Results from 10,000 Monte Carlo replicates are summarized in Table 3. The WMW and FP tests have similar power when s_y = 1 = s_x or m = n, but not when s_x = s_y and m = n, and the difference in power increases as sample sizes become more unbalanced between the two samples. There is a trade-off between the WMW and FP tests. When n > m, the FP test is more powerful when s_y > s_x and less powerful when s_y < s_x. In other words, the FP test is more powerful when the sample with a bigger sample size has a greater variance, and less powerful otherwise.

Table 3.

Estimated power (%) of the WMW and FP tests. The FP test uses the variance estimator based on formula (2). X ~ Logistic(0,1), Y ~ Logistic(μ_y,s_y). μ_y is set to 1, 1.2 and 0.8, respectively for the three s_y at m = 30 and 2, 2.4 and 1.6, respectively for the three s_y at m = 10 to achieve a comparable level of power.

s_y	n = m		n = 2m		n = 4m
	WMW	FP	WMW	FP	WMW	FP
normal approx., m = 30
1	57	59	71	72	79	79
2	38	38	49	57	58	75
0.5	60	59	71	64	77	67

permutation, m = 30
1	58	58	71	71	79	78
2	39	37	49	55	58	73
0.5	60	58	71	63	77	65

permutation, m = 10
1	64	66	80	79	87	84
2	43	44	59	64	70	80
0.5	66	66	79	72	85	73

Open in a new tab

A connection can be made between the power study in this section and the variance study in the previous section. Figure 1 shows that under the scenario n > m, when s_y is greater than s_x, the variance of U drops below V_mn. Thus $(U - 1 / 2) / \sqrt{\hat{V}}$ will tend to be greater than $(U - 1 / 2) / \sqrt{V_{mn}}$ . When the p-values are determined by comparing to the standard normal distribution, the FP test will reject the null more often than the WMW test.
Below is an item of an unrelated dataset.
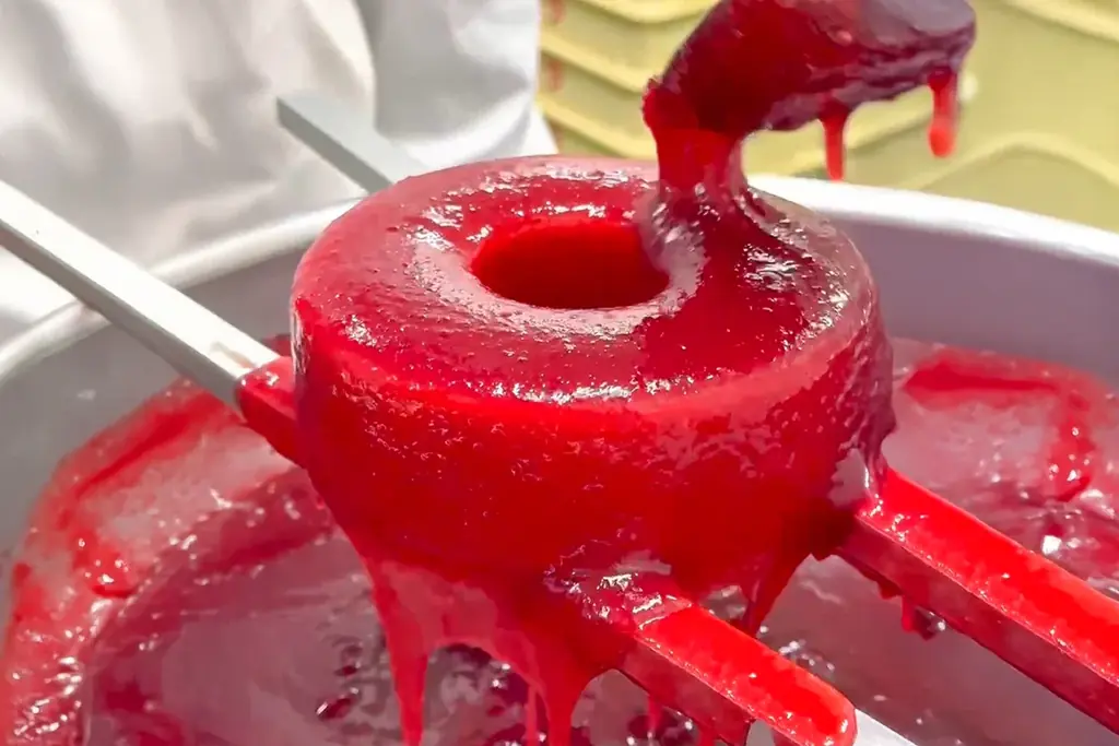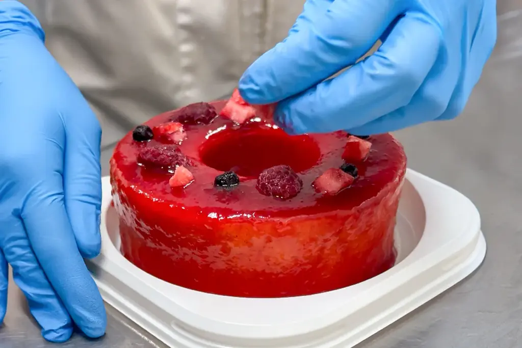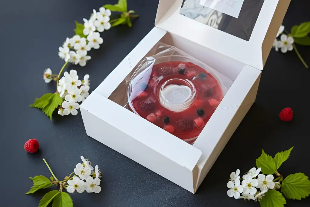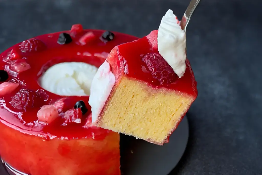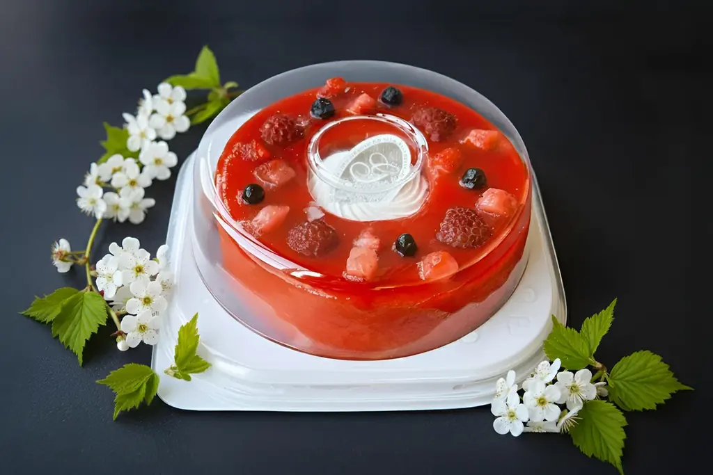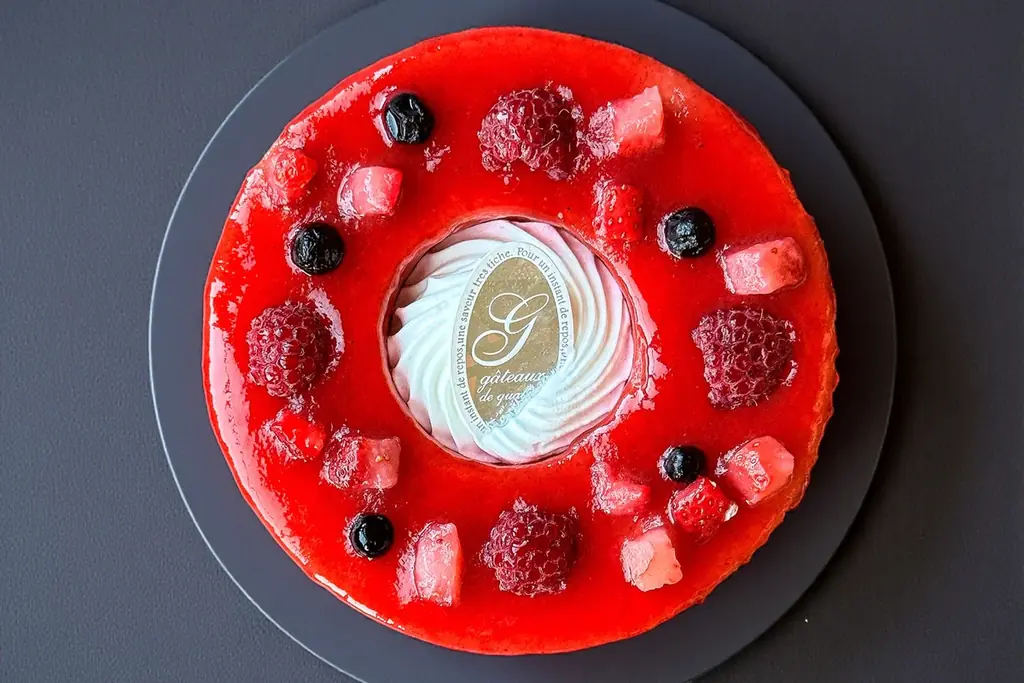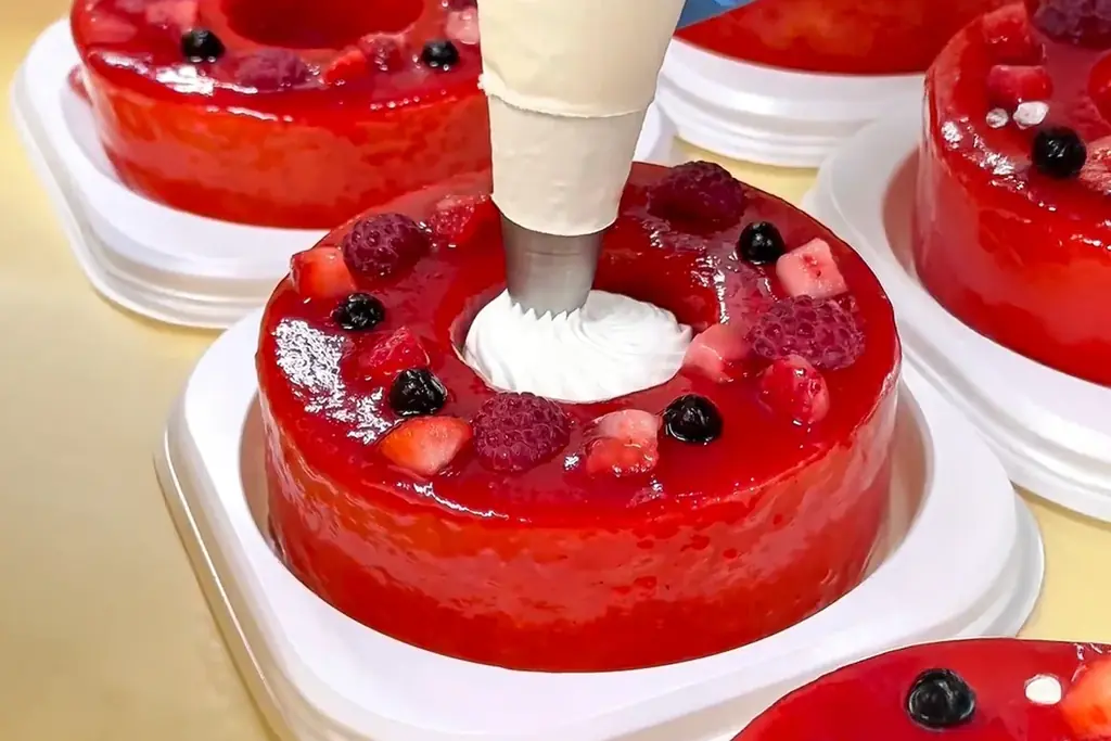 この商品のもう一つの特徴はトッピングに用いられるすべて生のベリー果肉である。加熱ジャムや香料では表現できないみずみずしさ、果汁感、立ち上がる香りがひと口ごとに変化するため、味の奥行きが深い。

4 Combining the WMW and FP tests

That there is a trade-off between the WMW and FP tests should not come as a surprise. It is only natural that the power depends on the underlying distribution of the data. To improve the overall power, we propose a simple and effective way to combine the WMW and FP tests in a way that adapts to the underlying distribution (e.g. van der Vaart, 2000, p. 223). The idea is to divide U − 1/2 by the square root of min $(\hat{V}, V_{mn})$ , the lesser value between $\hat{V}$ , the estimated variance of U based on the data and V_mn, the theoretical variance of U under the null hypothesis.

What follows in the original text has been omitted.